Leave out the pictures, then output the lines of the records below from the first through the one containing "в Беларуси |".

━━━━━ MATERIAL FOR THE TASK

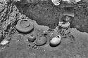 | Description: | Sacrificial Pyre I, Classical Building II. The pyre was set through the original floor level of the northern room of the Classical Building and apparently is the remainder of a ritual conducted when the old floor was raised. The pyre was preserved in a thin strip of undisturbed fill between Pithos III and a Byzantine pit. Bits of bright blue and bright red pigment were found in the fill around the vessels. | |
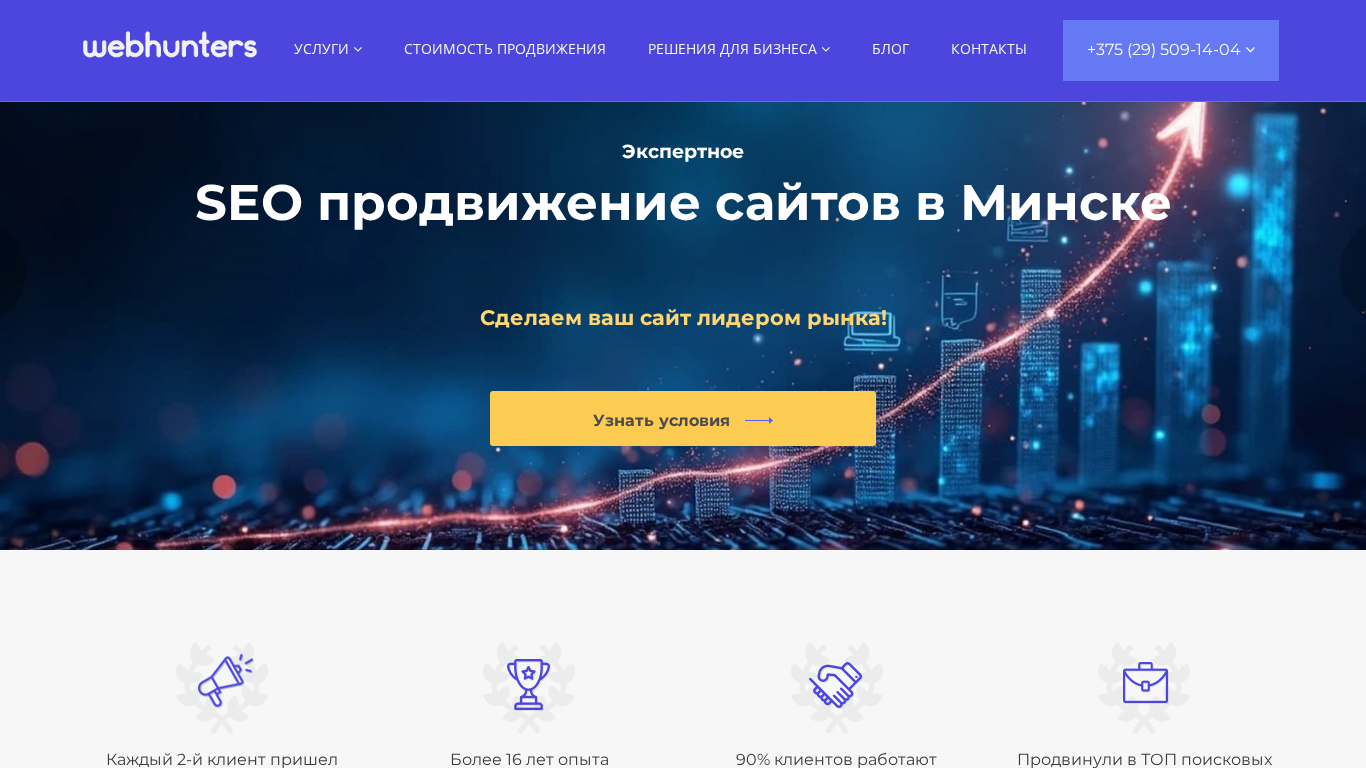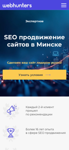 | Название / Заголовок | SEO продвижение сайтов №1 в Минске от студии WebHunters | Заказать раскрутку и оптимизацию сайта | Поисковое продвижение в Беларуси |
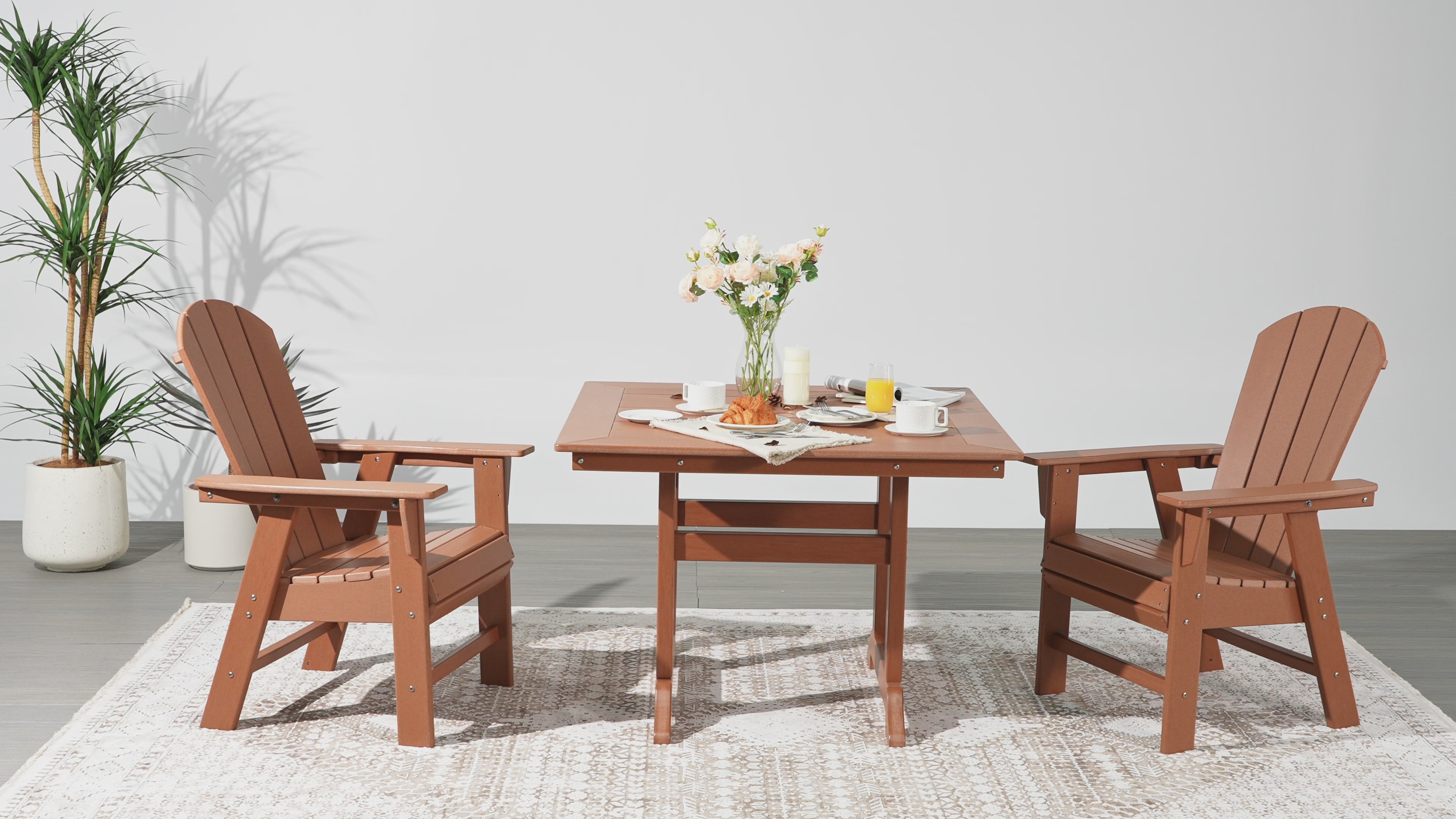 Sit back and relax in the oversized seat of the Adirondack dining chair. The chair’s curved shell-style backrest designed for comfort, this casual all-weather dining chair will bring a touch of laid back beach style to any outdoor space. Created with HDPE material adds durability and can withstand the outdoor elements thanks to the HDPE's natural UV and weather resistant. The dining armchair is made to look like natural wood without any of the disadvantages of natural wood, meaning that this outdoor chair isn't prone to splinters, cracks, or peeling. This dining chair is perfect for the outdoors and will have your home looking great with the semi-gloss finish that is sure to shine.
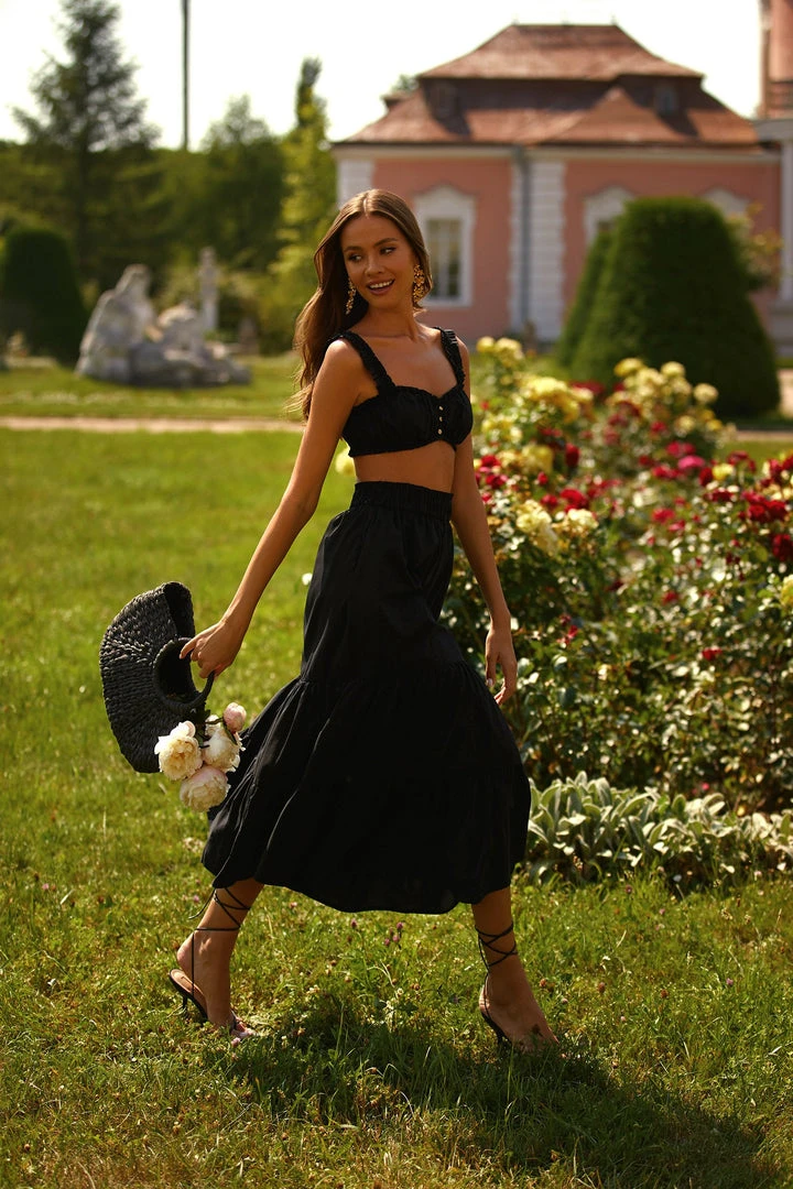Classy and elegant, the Ember Set embraces femininity with its two-piece design, ruched bustier, and a-line skirt. Elevated with gold-toned buttons and detailed straps. Crafted from a cotton poplin fabric, this set will upgrade your wardrobe.
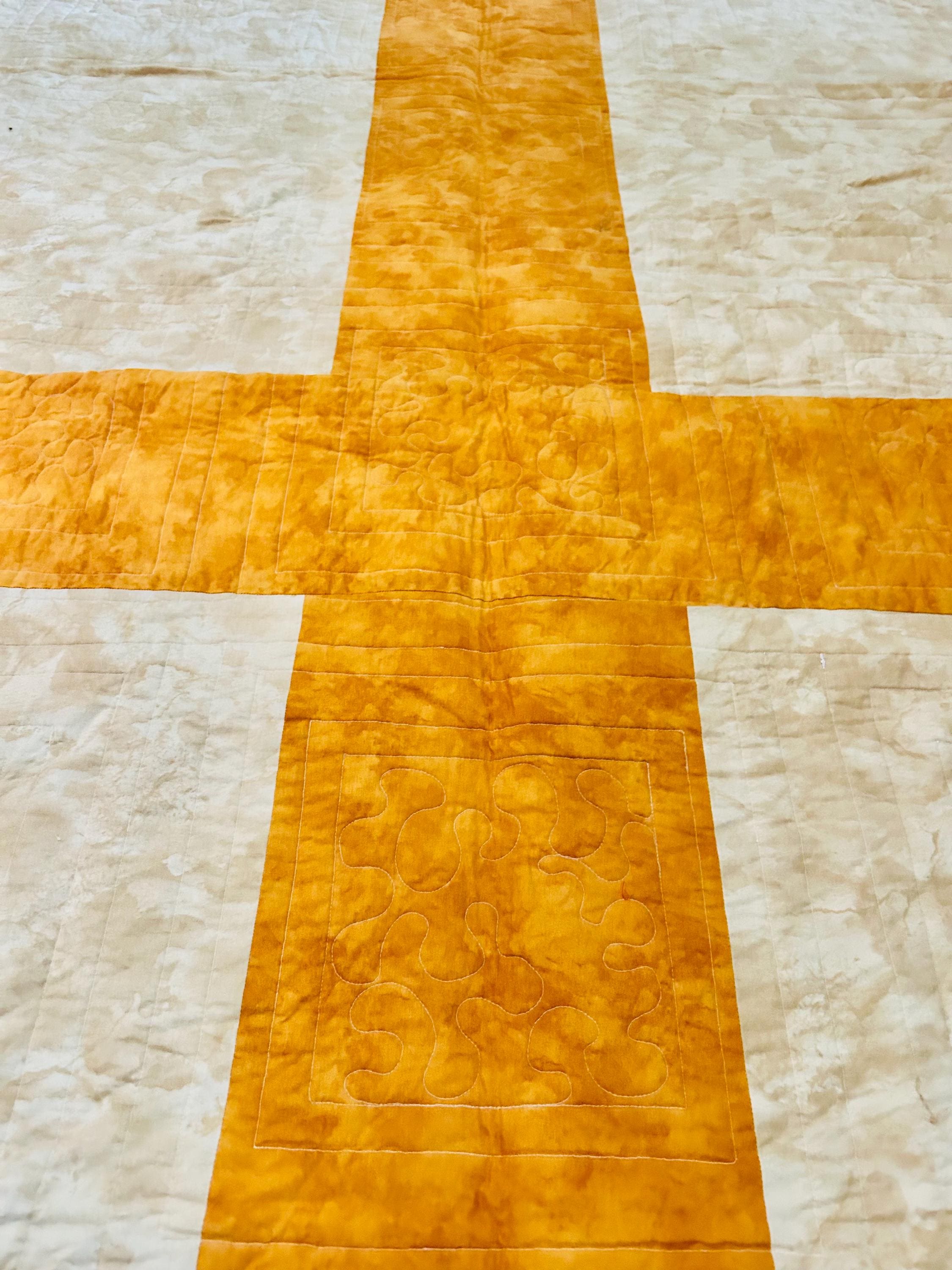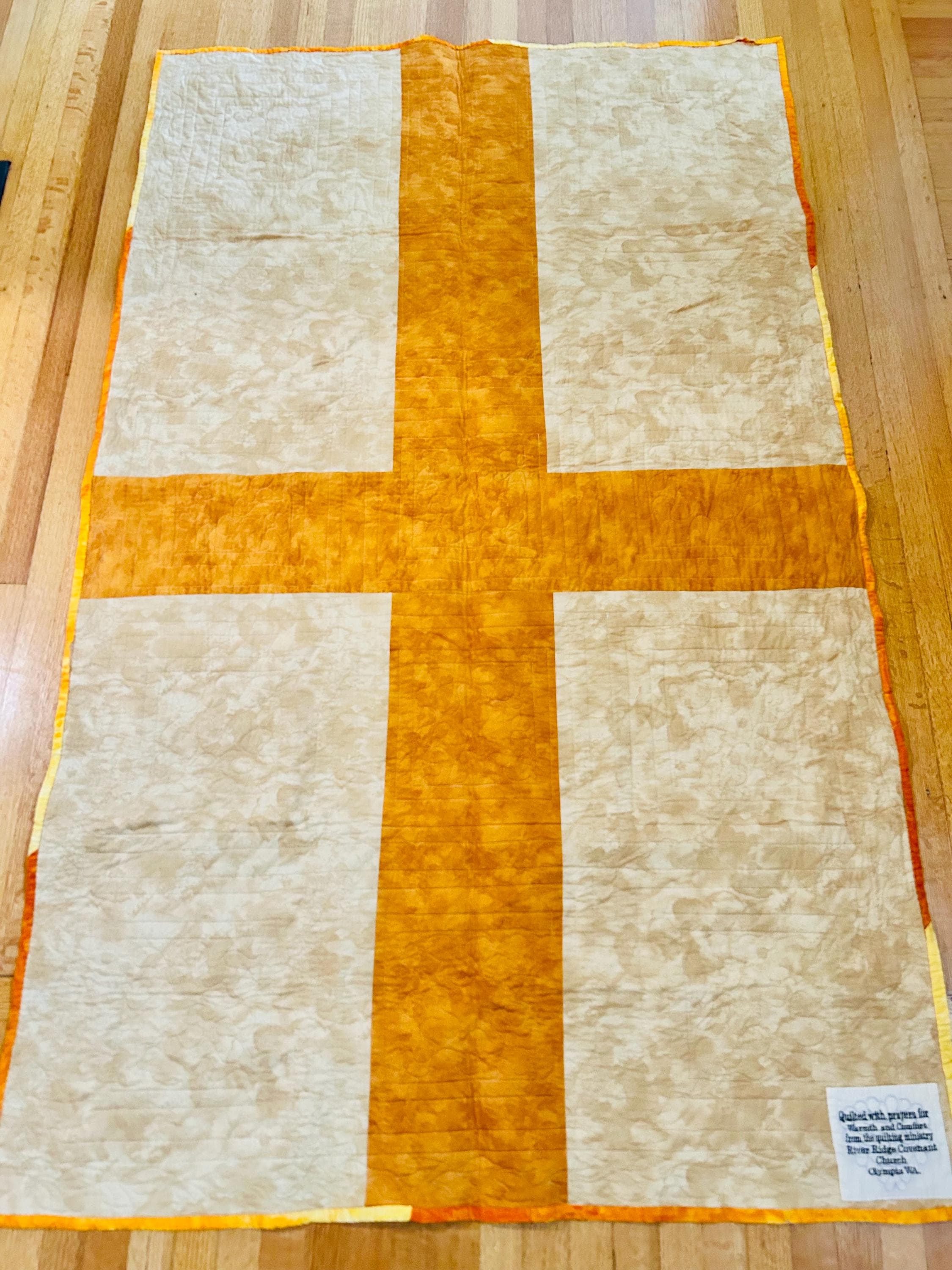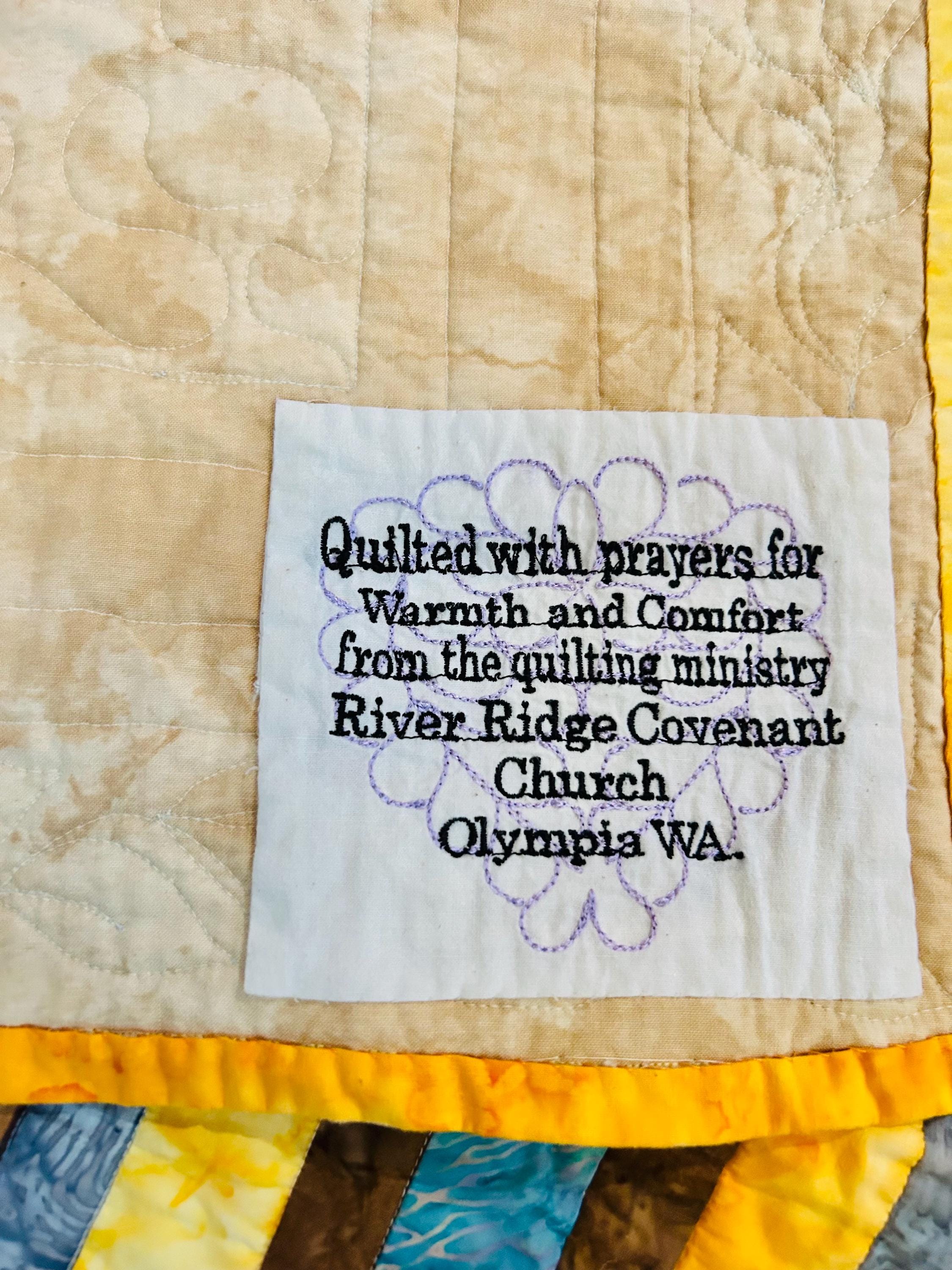 The back includes a stitched dedication label reading: “Quilted with prayers for Warmth and Comfort from the quilting ministry River Ridge Covenant Church Olympia WA.” The back is a yellow and orange batik, while the binding mirrors the sashing and has been hand-stitched to both sides. The batting is lightweight.
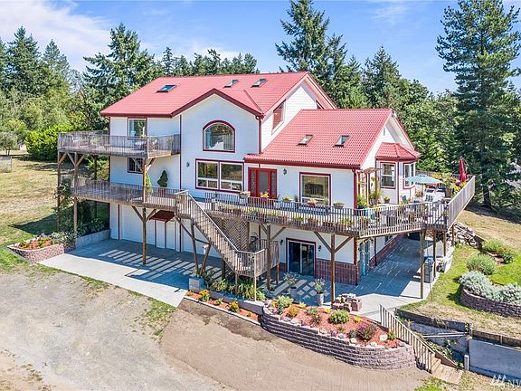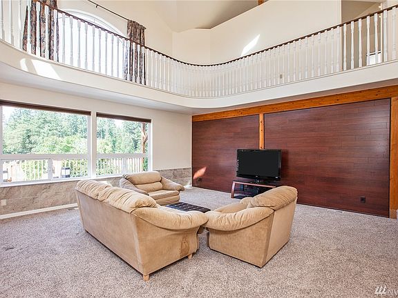 Stunning, custom home w/ 4800+sqft! 4 total rooms & 3.25 bath. Open concept living w/ 25' ceilings, a grand staircase to 2nd level master suite w/ private deck + NEW spa-like bath. All baths remodeled! Enjoy large, open kitchen w/ banquette + formal dining room with mt. views. Extra bonus: Den/office, massive garage w/ indoor RV space, workshop, full bath + rm for possible MIL. Iron wood decking + metal roof & NEW Trane HVAC system!Close to Silverdale & Poulsbo, only 2 mins to BV Marina!
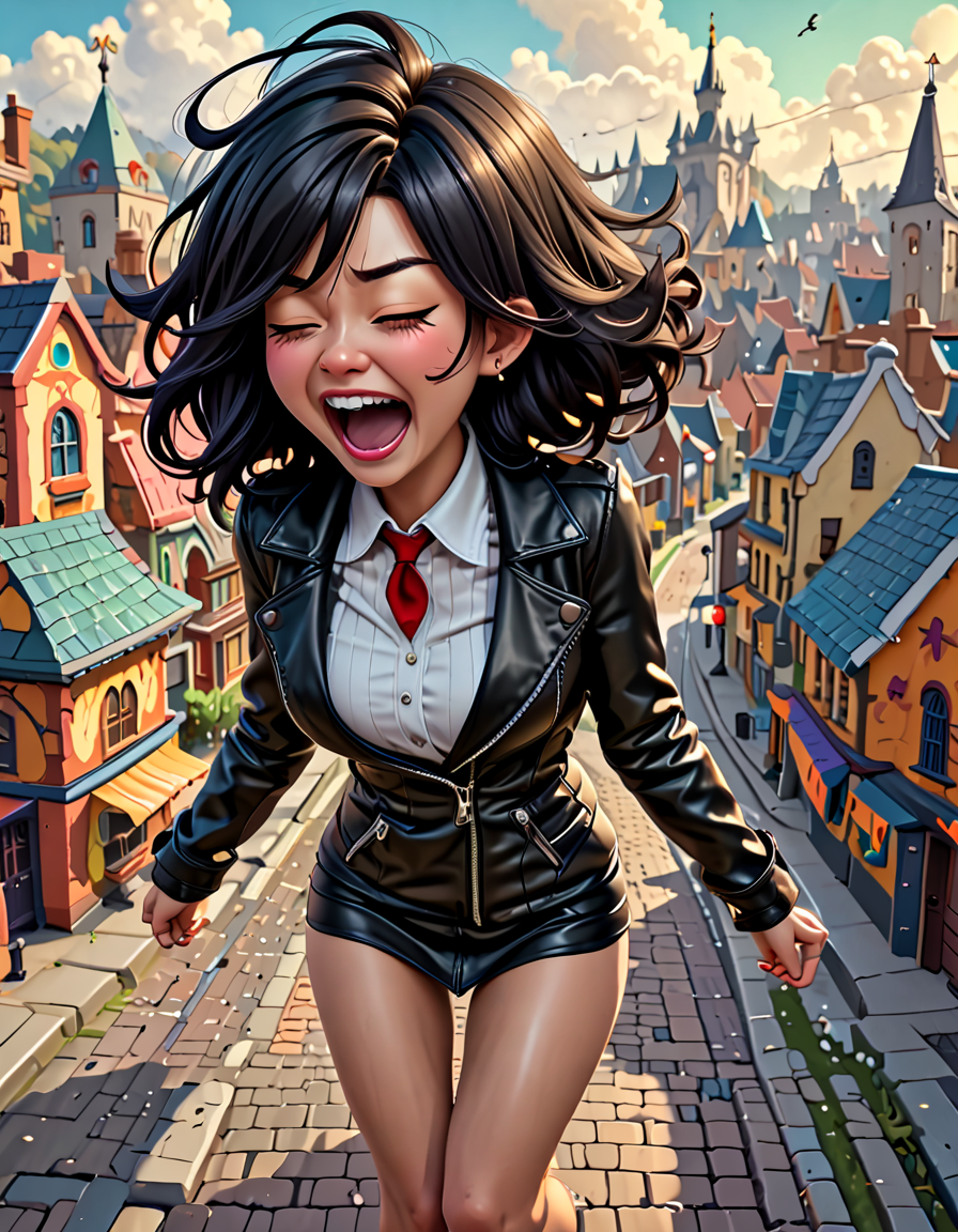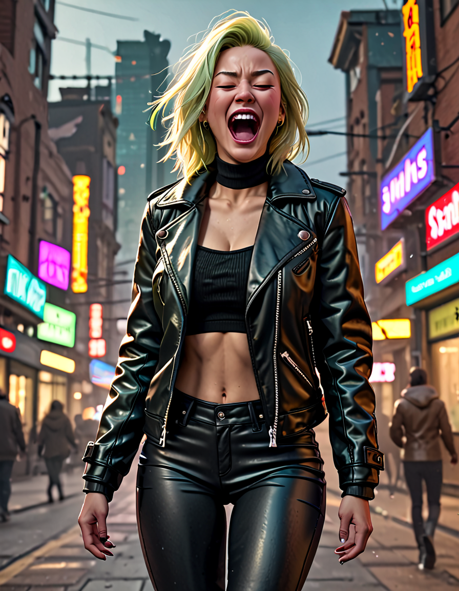 panicked, wearing leather jack... (8 doras merged)

━━━━━━━━━━

COMPLETED TASK:
 | Description: | Sacrificial Pyre I, Classical Building II. The pyre was set through the original floor level of the northern room of the Classical Building and apparently is the remainder of a ritual conducted when the old floor was raised. The pyre was preserved in a thin strip of undisturbed fill between Pithos III and a Byzantine pit. Bits of bright blue and bright red pigment were found in the fill around the vessels. | |
 | Название / Заголовок | SEO продвижение сайтов №1 в Минске от студии WebHunters | Заказать раскрутку и оптимизацию сайта | Поисковое продвижение в Беларуси |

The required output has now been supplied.